What is required: Taking the data below, please print only the lines from the line holding "天車Expo世博線位於Edm" to the line holding "雷竞技RAYBET现有教职工", inclusive, with pictures omitted.

Material for the task:
--------------------------------------------------

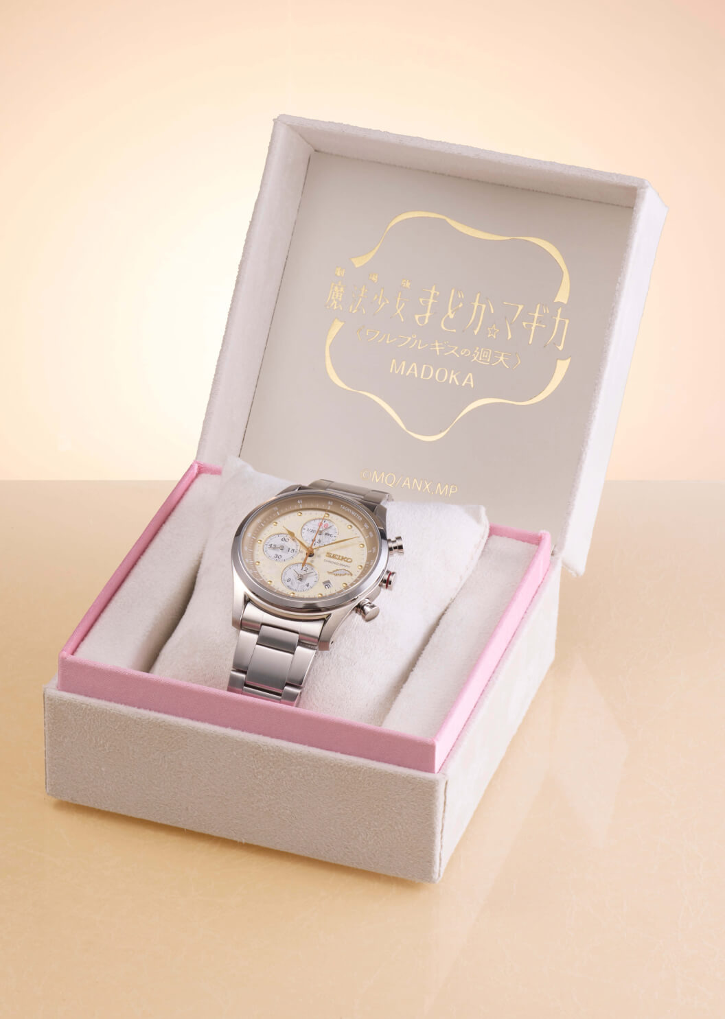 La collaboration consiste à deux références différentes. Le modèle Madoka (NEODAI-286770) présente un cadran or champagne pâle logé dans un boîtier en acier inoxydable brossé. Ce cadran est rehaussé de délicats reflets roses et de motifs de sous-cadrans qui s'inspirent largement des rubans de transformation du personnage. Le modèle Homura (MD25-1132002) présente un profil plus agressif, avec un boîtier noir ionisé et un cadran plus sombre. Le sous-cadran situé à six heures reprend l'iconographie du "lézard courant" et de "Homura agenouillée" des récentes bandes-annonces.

--------------------------------------------------

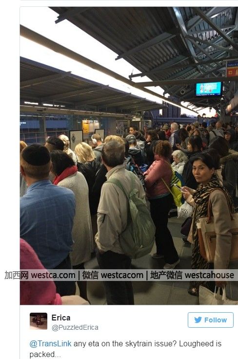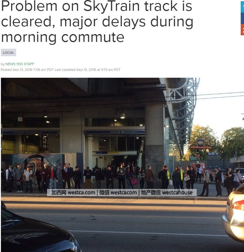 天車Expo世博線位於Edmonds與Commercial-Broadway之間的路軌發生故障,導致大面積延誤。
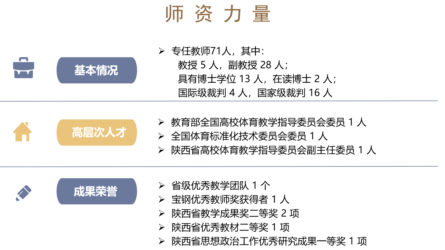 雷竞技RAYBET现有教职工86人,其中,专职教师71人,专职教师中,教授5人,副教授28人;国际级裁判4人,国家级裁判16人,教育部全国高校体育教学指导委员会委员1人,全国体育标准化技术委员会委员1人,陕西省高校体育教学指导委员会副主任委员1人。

--------------------------------------------------

Exercise answer:
 天車Expo世博線位於Edmonds與Commercial-Broadway之間的路軌發生故障,導致大面積延誤。
 雷竞技RAYBET现有教职工86人,其中,专职教师71人,专职教师中,教授5人,副教授28人;国际级裁判4人,国家级裁判16人,教育部全国高校体育教学指导委员会委员1人,全国体育标准化技术委员会委员1人,陕西省高校体育教学指导委员会副主任委员1人。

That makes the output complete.